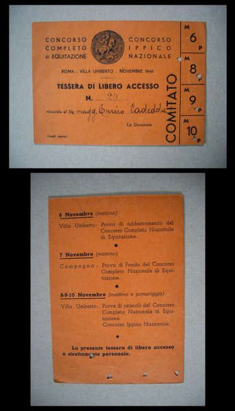 Tessera CONCORSO IPPICO NAZIONALE (Equitazione) ROMA Villa Umberto 1946
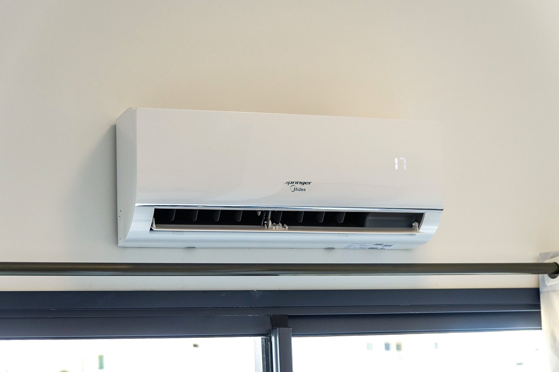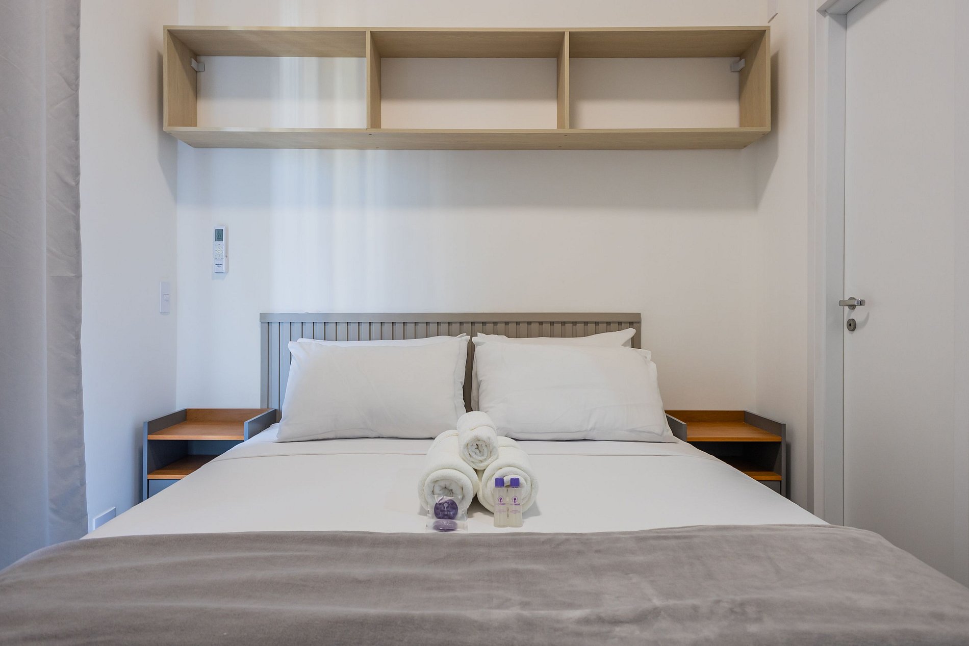 O apartamento também dispõe de ar-condicionado (somente refrigeração) e de uma varanda charmosa, que deixa o ambiente mais agradável com a entrada de luz natural.
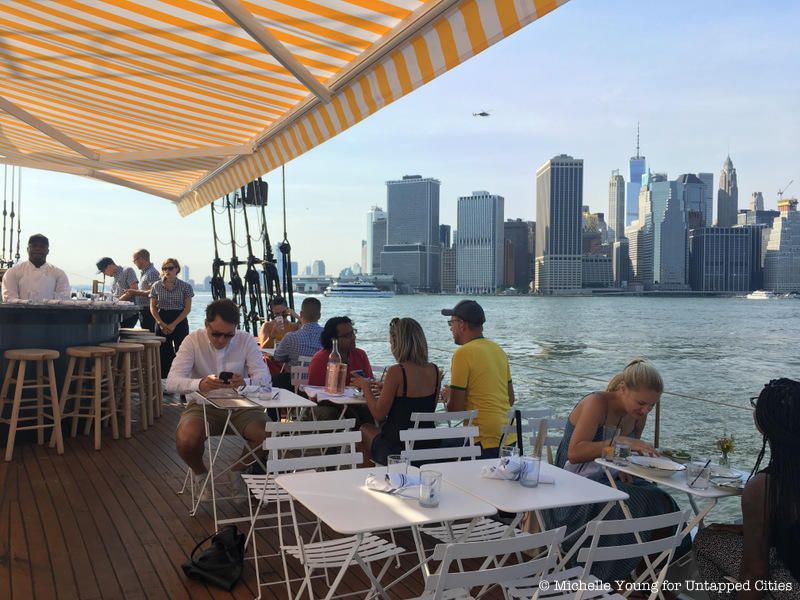 Pilot, docked on the north side of Brooklyn Bridge Park’s Pier 6, is a sister restaurant to Grand Banks (you can tell by their matching yellow and white striped awnings). This restaurant sits aboard another historic and rare Grand Banks-style schooner. The ship was originally commissioned as a racing vessel in 1924 and still retains many of its historic elements including the hull, topsides, pilothouse, deck, cabin top, and rigging.

Assigned task
Apart from the images, reproduce the listing exactly as it appears.

Task solution
 Tessera CONCORSO IPPICO NAZIONALE (Equitazione) ROMA Villa Umberto 1946
 O apartamento também dispõe de ar-condicionado (somente refrigeração) e de uma varanda charmosa, que deixa o ambiente mais agradável com a entrada de luz natural.
 Pilot, docked on the north side of Brooklyn Bridge Park’s Pier 6, is a sister restaurant to Grand Banks (you can tell by their matching yellow and white striped awnings). This restaurant sits aboard another historic and rare Grand Banks-style schooner. The ship was originally commissioned as a racing vessel in 1924 and still retains many of its historic elements including the hull, topsides, pilothouse, deck, cabin top, and rigging.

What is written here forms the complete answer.